--- Goal of the exercise ---
Below is a listing to copy exactly; no image goes into the copy.

--- Dataset extract ---
== Segment start ==

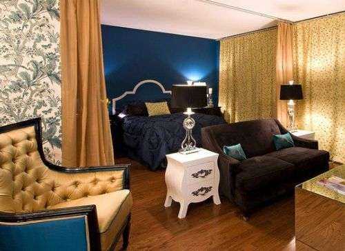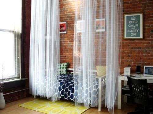 Текстиль, используемый для разделения на две зоны, придаст комнате уют и не потребует больших затрат. Для этого выбирают такие ткани как тафта или жаккард, причем плотные ткани нередко сочетают с легкими, воздушными. Чаще всего такой способ зонирования используется в спальне и местах отдыха. Чтобы гардины идеально вписались в дизайн комнаты, их ткань повторяют в подушках и покрывалах, как показано на фото.
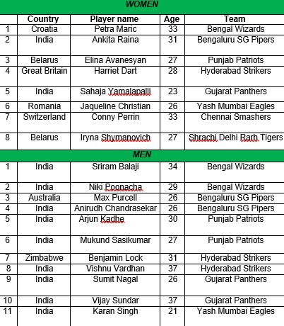गतविजेत्या बेंगळुरू एसजी पायपर्स संघाने दुसऱ्या क्रमांकाच्या महागड्या खेळाडूची खरेदी करताना दोन वेळचा ग्रॅण्ड स्लॅम मिश्र दुहेरी विजेता ऑस्ट्रेलियाचा मॅक्स पर्सेल याच्यासाठी ४२ लाख रुपये मोजले. रोहन गुप्ता यांच्या मालकीच्या व एसजी स्पोर्टसचा मुख्य अधिकारी महेश भूपती याचा पाठिंबा असलेल्या बेंगळुरू संघाने लिलावात उशिरा भाग घेतला. तरीही ऑलिम्पिक पटू अंकिता रैनाला ५लाख रुपयांत खरेदी करताना आपल्या संघाची ताकद वाढवली. त्यांनी दुहेरी स्पेशा लिस्ट अनिरुद्ध चंद्रशेखर याची सुद्धा ४ लाख रुपयाला खरेदी केली.
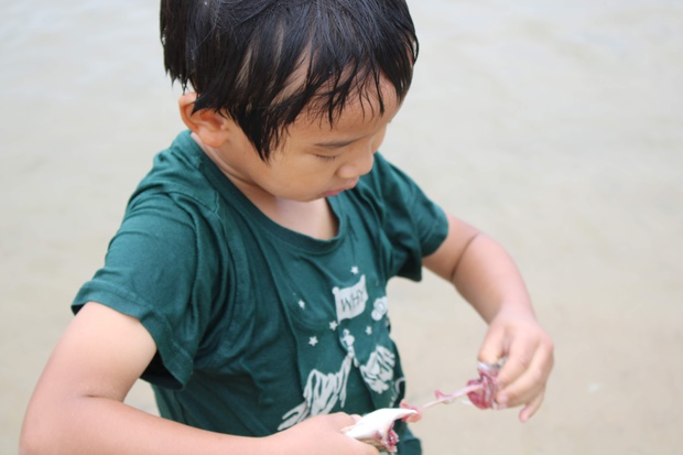 その構造や仕組みが知りたいという好奇心と、 魚の外側の色と内側の色。 この魚は何を食べて、胃袋に何が入っているのか? 自分が子供の頃はそこまで興味がいかなかったな。 手で触れなければ、わからないことは 世の中にたくさんあります。 色々触って大きくなあれ。

== Segment end ==

--- Output of the exercise ---
 Текстиль, используемый для разделения на две зоны, придаст комнате уют и не потребует больших затрат. Для этого выбирают такие ткани как тафта или жаккард, причем плотные ткани нередко сочетают с легкими, воздушными. Чаще всего такой способ зонирования используется в спальне и местах отдыха. Чтобы гардины идеально вписались в дизайн комнаты, их ткань повторяют в подушках и покрывалах, как показано на фото.
गतविजेत्या बेंगळुरू एसजी पायपर्स संघाने दुसऱ्या क्रमांकाच्या महागड्या खेळाडूची खरेदी करताना दोन वेळचा ग्रॅण्ड स्लॅम मिश्र दुहेरी विजेता ऑस्ट्रेलियाचा मॅक्स पर्सेल याच्यासाठी ४२ लाख रुपये मोजले. रोहन गुप्ता यांच्या मालकीच्या व एसजी स्पोर्टसचा मुख्य अधिकारी महेश भूपती याचा पाठिंबा असलेल्या बेंगळुरू संघाने लिलावात उशिरा भाग घेतला. तरीही ऑलिम्पिक पटू अंकिता रैनाला ५लाख रुपयांत खरेदी करताना आपल्या संघाची ताकद वाढवली. त्यांनी दुहेरी स्पेशा लिस्ट अनिरुद्ध चंद्रशेखर याची सुद्धा ४ लाख रुपयाला खरेदी केली.
 その構造や仕組みが知りたいという好奇心と、 魚の外側の色と内側の色。 この魚は何を食べて、胃袋に何が入っているのか? 自分が子供の頃はそこまで興味がいかなかったな。 手で触れなければ、わからないことは 世の中にたくさんあります。 色々触って大きくなあれ。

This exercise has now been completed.